Records for the task:
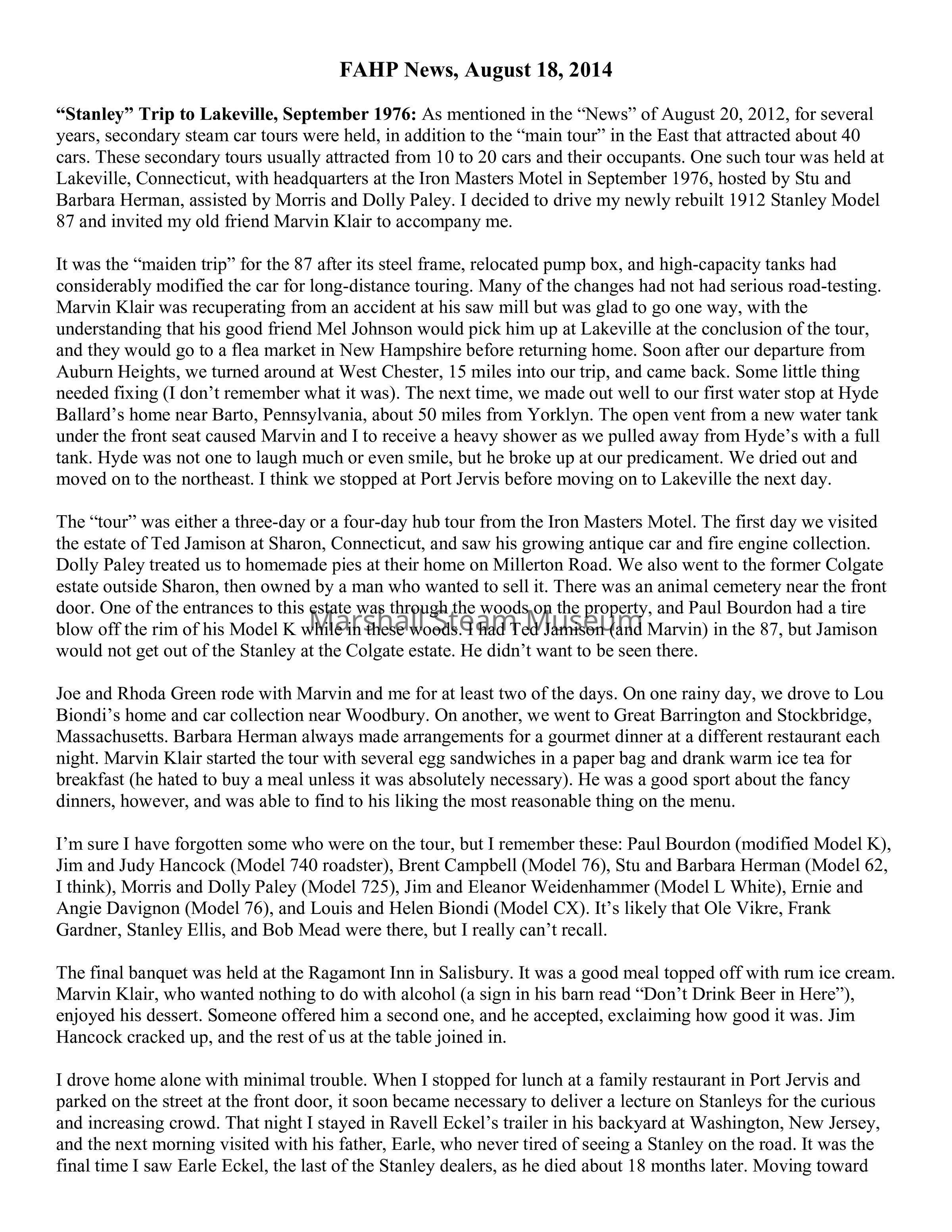The “tour” was either a three-day or a four-day hub tour from the Iron Masters Motel. The first day we visited the estate of Ted Jamison at Sharon, Connecticut, and saw his growing antique car and fire engine collection. Dolly Paley treated us to homemade pies at their home on Millerton Road. We also went to the former Colgate estate outside Sharon, then owned by a man who wanted to sell it. There was an animal cemetery near the front door. One of the entrances to this estate was through the woods on the property, and Paul Bourdon had a tire blow off the rim of his Model K while in these woods. I had Ted Jamison (and Marvin) in the 87, but Jamison would not get out of the Stanley at the Colgate estate. He didn’t want to be seen there.
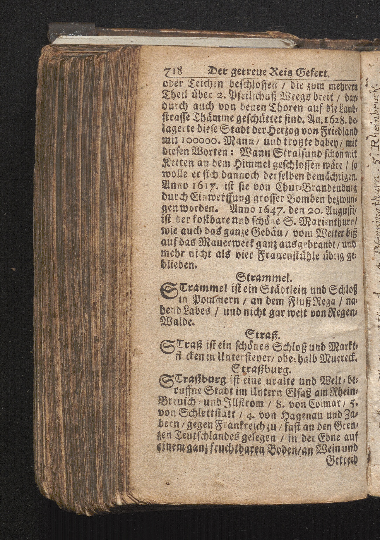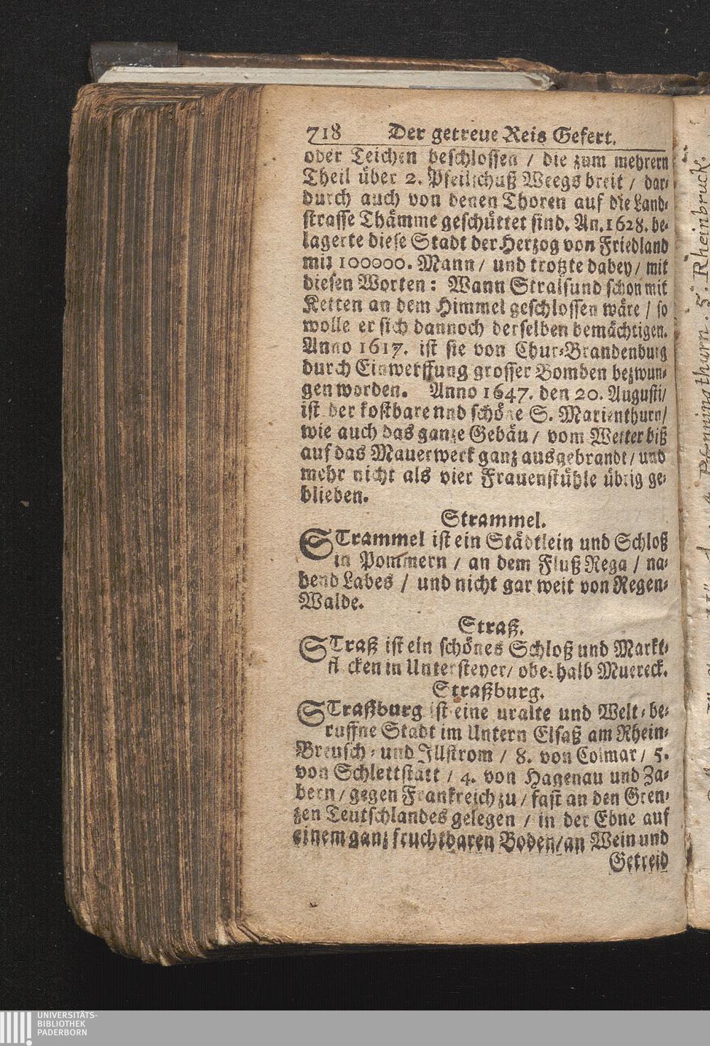 Der getreue Reiß-Gefert durch Ober- und Nieder-Teutschland : Das ist: Grundrichtige und ausführliche Abhandlung derer jenigen Residenzien/ Städte/ Schlösser/ Vestungen/ Städtlein und nahmhafften Markflecken/ welche so wol in Ober- als Nieder-Teutschland/ einem Reisenden sich hin und wieder vorstellig machen und zwar solcher Gestalt/ daß darinn derer Ursprung/ Aufnahm/ Fortification/ Raritäten/ herrliche Gebäue/ und Glück- und Unglücks-Fälle bis auf gegenwärtige Zeit fortgesetzt enthalten. Dabey auch noch über das ein absonderlicher kurz-gefasster Weegweiser angehänget zu finden/ worinnen klärlich zu sehen, wie viel Meilen ein Ort von dem andern entlegen. Alles aus denen bewährtesten Scribenten hervorgesuchet/ zum Nutz-Ergötzen mitgetheilet ...
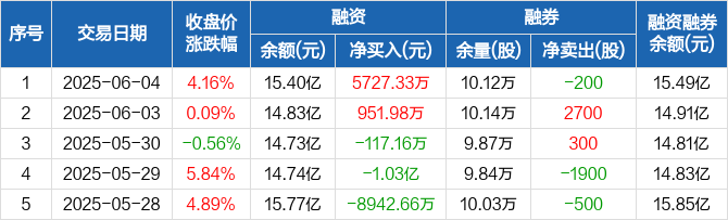 融资方面,当日融资买入3.15亿元,融资偿还2.58亿元,融资净买入5727.33万元。融券方面,融券卖出1800股,融券偿还2000股,融券余量10.12万股,融券余额862.09万元。融资融券余额合计15.49亿元。
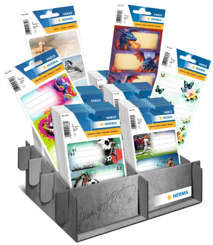 présentoir en carton, dim.: (L)235 x (P)180 x (H)90 mm,, assorti en 6 motifs nouveautés 2026, contenu: 60 petits paquets, (15833),
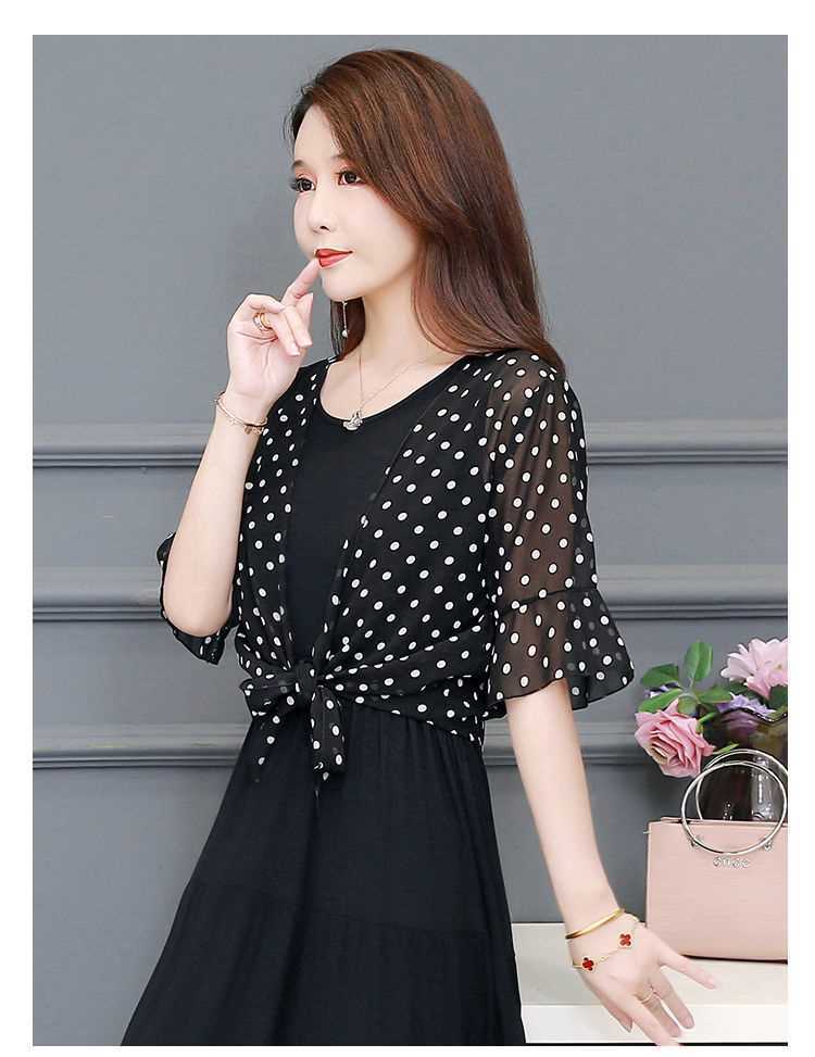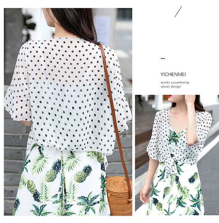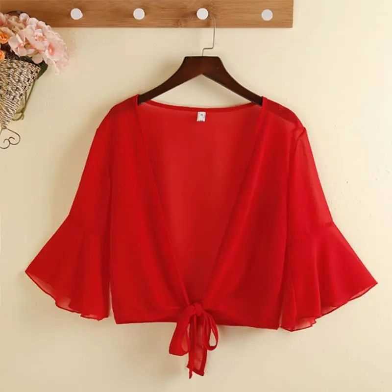 2023 반소매 뿔 소매 작은 목도리 얇은 작은 코트 여성용 선 스크린 의류 짧은 허리 코트 쉬폰 카디건스토어 가기
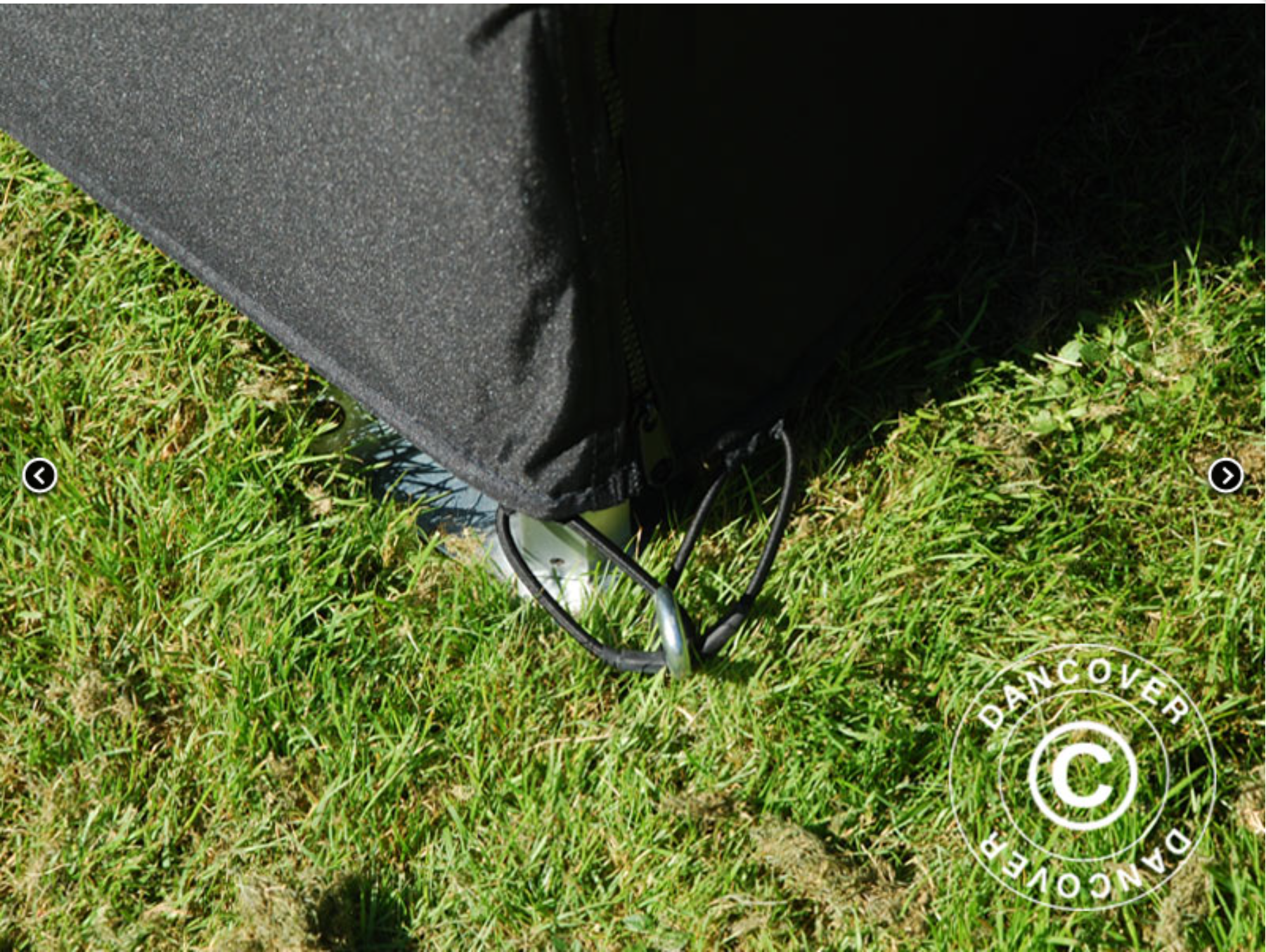 Den starka stålställningen är tillverkad av tunga sexkantiga rör för maximal styrka och hållbarhet. De stora fotplattorna ger stabil och solid förankring vid installation. FleXtents höjd är justerbar med 3 olika positioner, så det passar exakt efter dina behov. Skyddet är tillverkat av stark polyester av hög kvalitet med en kraftig PVC-baksida. Det är vattentätt, UV-resistent, smutsavvisande och tvättbart! Sidoväggarna sitter fast i varandra med dragkedja och är fixerade vid ramen med starka kardborrband.
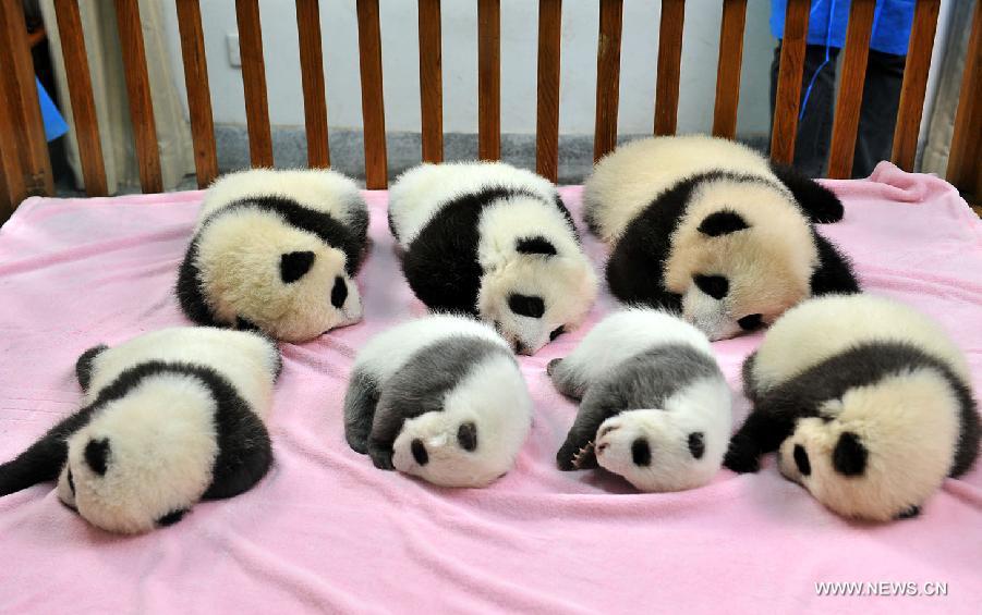 Seven giant panda cubs that were recently born sleep while meeting with the public at the Chengdu Research Base for Giant Panda Breeding in Chengdu, capital of southwest China's Sichuan Province, on Nov. 1, 2012. The research base showed the public on Thursday seven of the eight giant pandas that it breeded this year. (Xinhua/Cai Kai)

Task requirements: All pictures are to be skipped. Output, word for word, the lines in the data above starting at the line containing "融资方面,当日融资买入3.1" and ending at the line containing "2023 반소매 뿔 소매".

Solution to this problem:
 融资方面,当日融资买入3.15亿元,融资偿还2.58亿元,融资净买入5727.33万元。融券方面,融券卖出1800股,融券偿还2000股,融券余量10.12万股,融券余额862.09万元。融资融券余额合计15.49亿元。
 présentoir en carton, dim.: (L)235 x (P)180 x (H)90 mm,, assorti en 6 motifs nouveautés 2026, contenu: 60 petits paquets, (15833),
 2023 반소매 뿔 소매 작은 목도리 얇은 작은 코트 여성용 선 스크린 의류 짧은 허리 코트 쉬폰 카디건스토어 가기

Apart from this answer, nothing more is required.